[Extracted records]
==*==
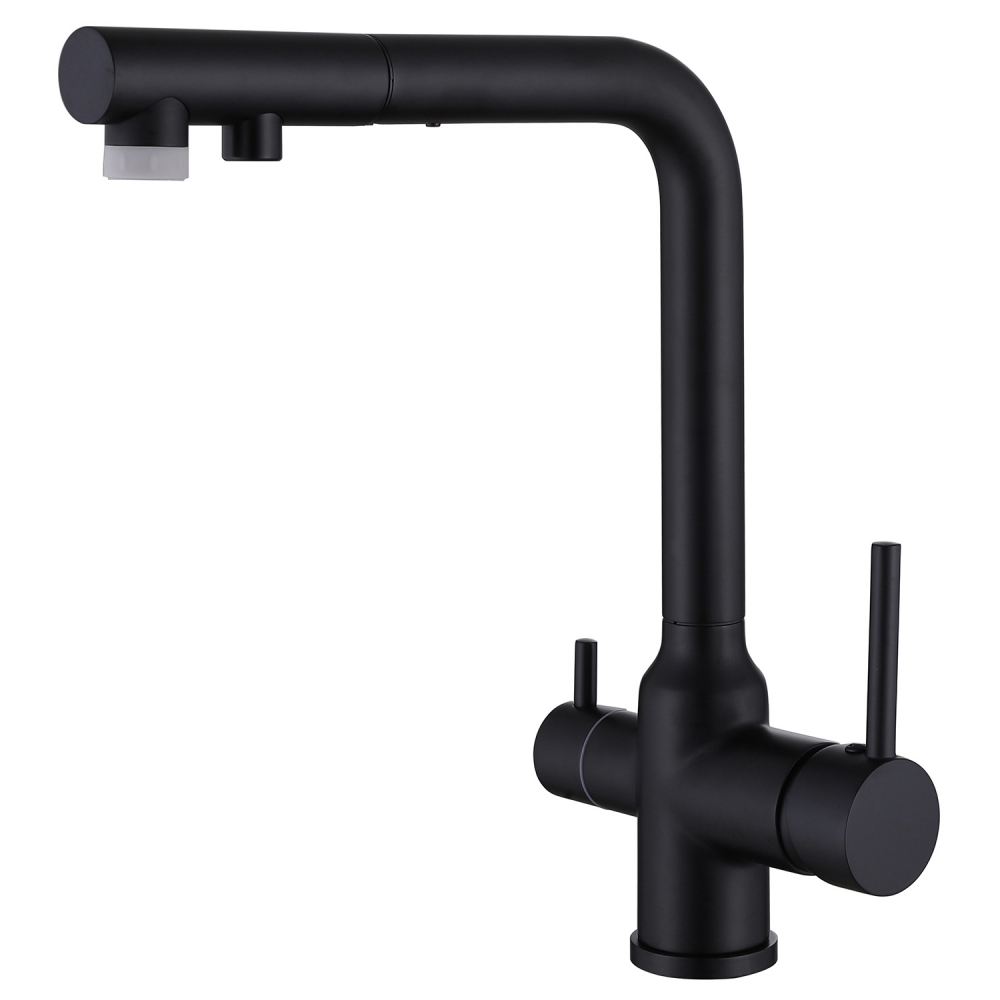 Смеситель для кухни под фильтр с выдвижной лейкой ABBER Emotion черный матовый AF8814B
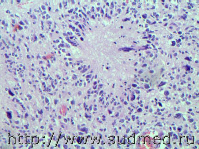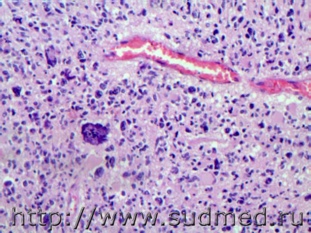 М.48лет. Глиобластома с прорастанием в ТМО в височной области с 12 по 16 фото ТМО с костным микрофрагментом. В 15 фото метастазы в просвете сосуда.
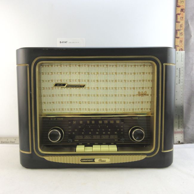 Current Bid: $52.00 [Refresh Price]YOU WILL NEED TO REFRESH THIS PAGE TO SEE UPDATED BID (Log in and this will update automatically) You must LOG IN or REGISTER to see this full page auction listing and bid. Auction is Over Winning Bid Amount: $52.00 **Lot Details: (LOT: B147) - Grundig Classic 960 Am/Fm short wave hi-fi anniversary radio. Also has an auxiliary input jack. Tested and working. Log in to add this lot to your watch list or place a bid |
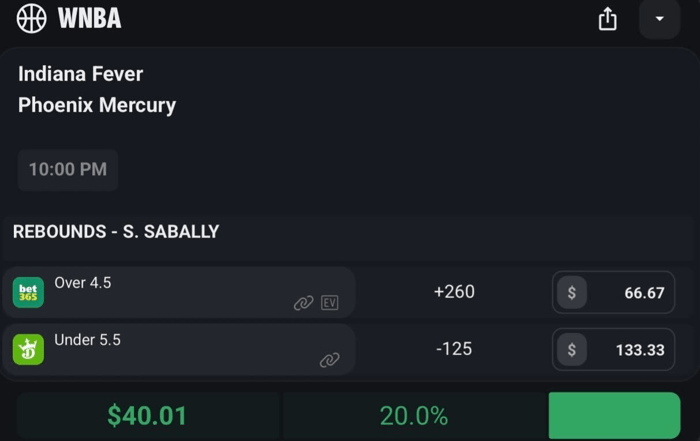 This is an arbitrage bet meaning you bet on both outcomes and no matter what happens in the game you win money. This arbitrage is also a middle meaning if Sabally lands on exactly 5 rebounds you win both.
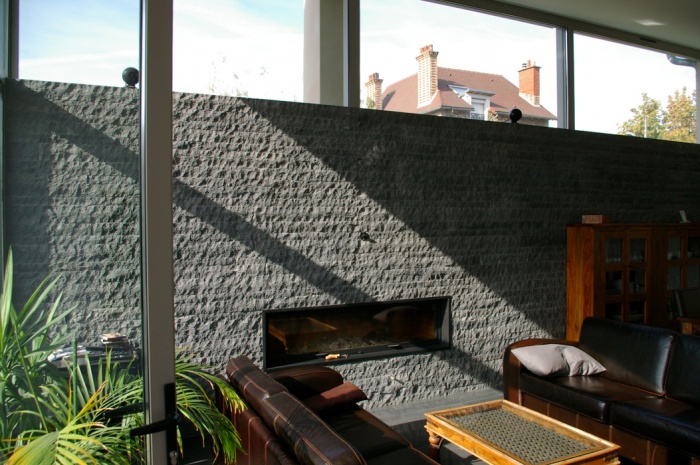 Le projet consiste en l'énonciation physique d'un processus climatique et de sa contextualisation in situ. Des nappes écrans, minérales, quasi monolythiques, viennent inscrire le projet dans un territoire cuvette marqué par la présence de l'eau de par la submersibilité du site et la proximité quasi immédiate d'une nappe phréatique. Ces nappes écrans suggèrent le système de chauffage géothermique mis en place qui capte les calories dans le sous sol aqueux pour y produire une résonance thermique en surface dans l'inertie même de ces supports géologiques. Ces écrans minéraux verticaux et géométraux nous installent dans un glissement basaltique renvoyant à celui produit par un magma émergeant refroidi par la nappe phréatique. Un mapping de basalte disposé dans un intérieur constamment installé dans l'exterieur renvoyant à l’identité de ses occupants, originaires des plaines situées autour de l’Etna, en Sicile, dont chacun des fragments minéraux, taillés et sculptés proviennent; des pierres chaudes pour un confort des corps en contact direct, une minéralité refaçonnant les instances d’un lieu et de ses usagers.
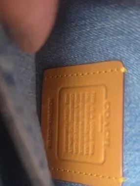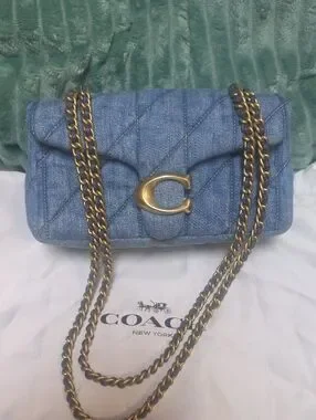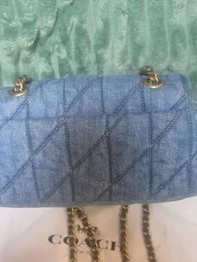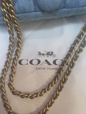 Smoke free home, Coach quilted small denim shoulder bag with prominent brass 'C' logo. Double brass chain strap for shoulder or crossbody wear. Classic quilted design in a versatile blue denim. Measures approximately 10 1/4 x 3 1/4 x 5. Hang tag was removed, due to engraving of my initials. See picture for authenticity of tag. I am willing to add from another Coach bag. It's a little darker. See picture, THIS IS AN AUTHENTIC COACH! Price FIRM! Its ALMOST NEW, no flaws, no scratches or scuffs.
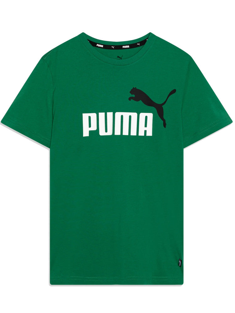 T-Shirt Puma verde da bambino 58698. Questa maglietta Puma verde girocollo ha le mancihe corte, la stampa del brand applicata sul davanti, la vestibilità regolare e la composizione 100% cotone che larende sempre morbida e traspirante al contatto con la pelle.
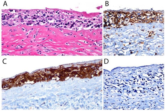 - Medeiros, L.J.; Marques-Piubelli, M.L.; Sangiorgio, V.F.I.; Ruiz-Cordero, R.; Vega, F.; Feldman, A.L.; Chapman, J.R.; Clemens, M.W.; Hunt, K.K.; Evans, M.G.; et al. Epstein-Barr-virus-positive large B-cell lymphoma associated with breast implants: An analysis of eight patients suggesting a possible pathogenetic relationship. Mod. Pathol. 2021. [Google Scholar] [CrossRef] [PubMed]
==*==
**Problem description**
Reproduce exactly the lines of the entries above from the first through the line with "Current Bid: $52.00", both included; pictures should not be reproduced.

**Exercise result**
 Смеситель для кухни под фильтр с выдвижной лейкой ABBER Emotion черный матовый AF8814B
 М.48лет. Глиобластома с прорастанием в ТМО в височной области с 12 по 16 фото ТМО с костным микрофрагментом. В 15 фото метастазы в просвете сосуда.
 Current Bid: $52.00 [Refresh Price]YOU WILL NEED TO REFRESH THIS PAGE TO SEE UPDATED BID (Log in and this will update automatically) You must LOG IN or REGISTER to see this full page auction listing and bid. Auction is Over Winning Bid Amount: $52.00 **Lot Details: (LOT: B147) - Grundig Classic 960 Am/Fm short wave hi-fi anniversary radio. Also has an auxiliary input jack. Tested and working. Log in to add this lot to your watch list or place a bid |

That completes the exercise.